A linear scan through the history of… linear scan register allocation.

Max Bernstein
@swetland This is a well known problem though. For instance here is our test case for it in metajit.cpp: https://github.com/can-lehmann/metajit.cpp/blob/main/tests/test_cfg.cpp#L127 (block params instead of phis, but fundamentally the same thing)
metajit.cpp/tests/test_cfg.cpp at main · can-lehmann/metajit.cpp

A meta-tracing JIT. Contribute to can-lehmann/metajit.cpp development by creating an account on GitHub.

GitHub

@CanLehmann I've been playing with phi/upsilon "pizlo form" as it seems like a reasonable way to represent things.
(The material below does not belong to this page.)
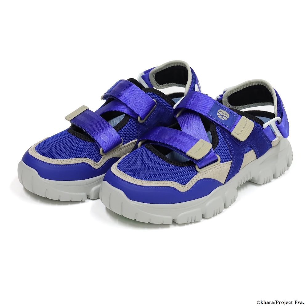 鮮やかなブルーを主軸に、グレイのスウェードを重ねた立体的な一足。綾波レイをイメージしたインソールの配色は、当時のファンなら思わずニヤリとしてしまう仕上がりです。

(https://gist.github.com/pizlonator/79b0aa601912ff1a0eb1cb9253f5e98d)

Pizlo SSA Form (short version)

Pizlo SSA Form (short version). GitHub Gist: instantly share code, notes, and snippets.

Gist
@swetland Oh interesting! Its seems kind of like block args but doing the arg passing using upsilon instructions and the argument declarations with the phi instructions. The fact that it allows upsilon/phis in the middle of blocks is pretty neat.
@swetland It seems like the ability to have phis/upsilons in the middle of BBs might be a bit of a pain to handle in codegen though, isn't it?
@CanLehmann I'm just getting to register allocation and code-gen, so I guess I'm about to find out! (though currently I always generate phis at the top of and upsilons at the bottom of basic blocks)
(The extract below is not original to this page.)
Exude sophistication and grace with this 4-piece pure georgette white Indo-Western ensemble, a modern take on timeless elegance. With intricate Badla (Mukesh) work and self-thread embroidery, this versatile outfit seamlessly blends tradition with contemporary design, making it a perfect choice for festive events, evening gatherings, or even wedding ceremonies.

@swetland Will be interesting to see how it works out. I think the trivial thing is to implement the semantics directly by having two regs per Phi X, X' and then

upsilon(A, ^X) => X' = A
X = phi() => X = X'

That should implement the parallel move semantics correctly, but is quite wasteful, so you probably don't actually want to do it. My fear is just that you can get weird cases where phis and upsilons are mixed in the same sequence. The upsilon for a phi also does not have to be in a...

@swetland predecessor basic block. So you could get stuff like

bb1:
upsilon(^X)
branch bb2, bb3
bb2:
jump bb4
bb3:
jump bb4
bb4:
X = phi()

and it should still resolve.

@swetland This is certainly interesting to explore though. Maybe there is a nice solution to all of this, I just don't know.
@swetland Maybe it works out if you actually do the two regs per phi approach and aggresively fold mov instructions. I.e. if possible eliminate movs by allocating the same physical register for source and target registers.
@CanLehmann Amusingly, I sort of started that way by accident since I was generating a (superfluous) move instruction on every store to a local. Once I elided those and started further discarding trivial upsilon/phi pairs, some test cases started breaking, which lead me to realizing that ordering was going to be an issue.
@CanLehmann Yeah, it's been fun. The whole project has been a mix of "I've built a lot of frontends, interpreters, bytecode runtimes, etc, but never a full to-the-metal compiler" and "I'd like to build a fully self-hosted compiler". Part 2 is pretty much there... stage0 is a transpiler to C written in C, stage1 is written in itself and compiles to unoptimized straight-line risc-v-ish assembly, stage2 is a rebuild of that inside an emulator, and now stage3 is working on a "real" backend...
@swetland Getting it selfhosting is a really cool milestone! I remember the last time I did a self-hosting compiler (for some LISP-like thing) I was really annoyed at having to fix all these bugs in the non-self-hosting compiler, because I would much rather write code in my own language 😆 I think the bytecode interperter in between is maybe a good approach to circumvent this issue a bit, since it allows you to leave behind the initial compiler earlier.
@CanLehmann Yeah, and it keeps everything as instructions that fit within 2-or-3-arg form (vs traditional phis with arbitrary argument lists) which seems like a nice property, though I'm still using a traditional looking phi sort of thing while assembling basic blocks at the moment... not sure if I can collapse directly to placing phi/upsilon instructions easily yet.
@CanLehmann Awesome. That definitely is the issue I'm looking at.